#### Records provided
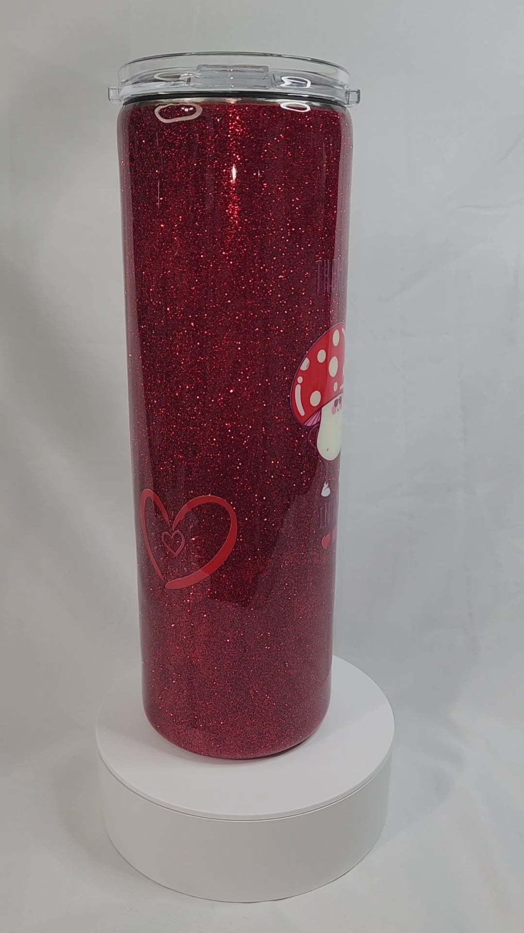 "Spread the love with our 'There's so mushroom in my heart' Valentine's Duo! This 30oz tumbler features an epoxy finish and comes with a reusable straw and topper and a sports lid. Perfect for sipping on the go or sharing a romantic drink with your fungi (I mean, fun guy or gal)!"
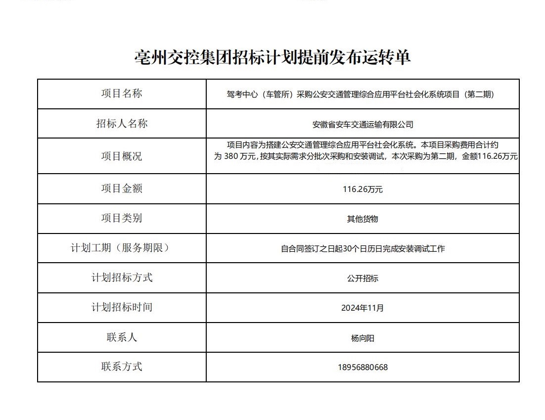 駕考中心(車管所)采購公安交通管理綜合應(yīng)用平臺社會化系統(tǒng)項(xiàng)目(第二期) 招標(biāo)計(jì)劃
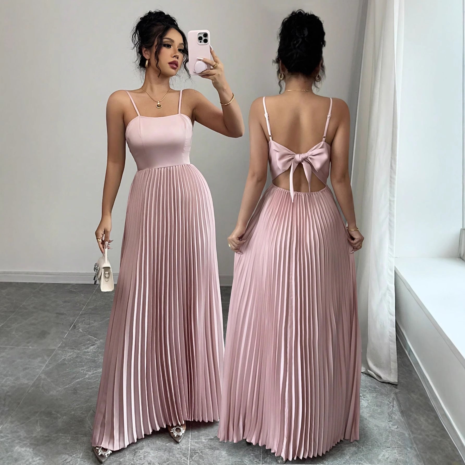 Lekkość, która podkreśla każdy ruch z naturalną elegancją i subtelną wyrazistością. Dopasowana góra akcentuje dekolt oraz talię, a plisowana, zwiewna spódnica nadaje sylwetce smukłości i harmonii.
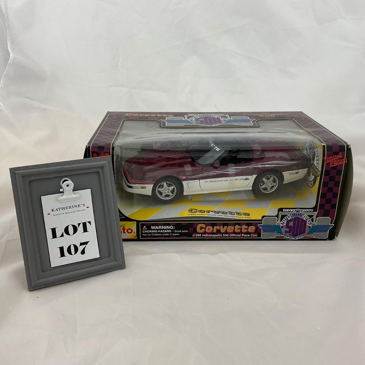 One NASCAR die cast 1:18 scale 1995 Indianapolis 500 Official Pace Car Corvette in box. Please see photos for details and condition. ::: Shipping is available on this lot. If you require shipping you must let us know at the close of the auction. We will coordinate with you after the item has been won. Shipping fees will include insurance up to or exceeding the value of all items being mailed. If you have any questions regarding this lot please contact the auctioneer either via this website, by direct email or by phone. PICK UP TIMES and other important information can be found in the TERMS and DESCRIPTION of the auction. Please take a look for pertinent information. Thanks!
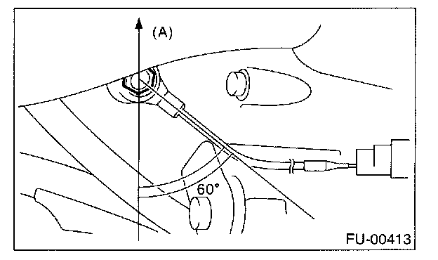 NOTE: The extraction area of the knock sensor cord must be positioned at a 60 ° angle relative to the engine rear.

#### Task details
Produce an exact copy of the lines from the line containing "駕考中心(車管所)采購公安交" through the last line of the records, with no pictures and no other text.

#### Written solution
 駕考中心(車管所)采購公安交通管理綜合應(yīng)用平臺社會化系統(tǒng)項(xiàng)目(第二期) 招標(biāo)計(jì)劃
 Lekkość, która podkreśla każdy ruch z naturalną elegancją i subtelną wyrazistością. Dopasowana góra akcentuje dekolt oraz talię, a plisowana, zwiewna spódnica nadaje sylwetce smukłości i harmonii.
 One NASCAR die cast 1:18 scale 1995 Indianapolis 500 Official Pace Car Corvette in box. Please see photos for details and condition. ::: Shipping is available on this lot. If you require shipping you must let us know at the close of the auction. We will coordinate with you after the item has been won. Shipping fees will include insurance up to or exceeding the value of all items being mailed. If you have any questions regarding this lot please contact the auctioneer either via this website, by direct email or by phone. PICK UP TIMES and other important information can be found in the TERMS and DESCRIPTION of the auction. Please take a look for pertinent information. Thanks!
 NOTE: The extraction area of the knock sensor cord must be positioned at a 60 ° angle relative to the engine rear.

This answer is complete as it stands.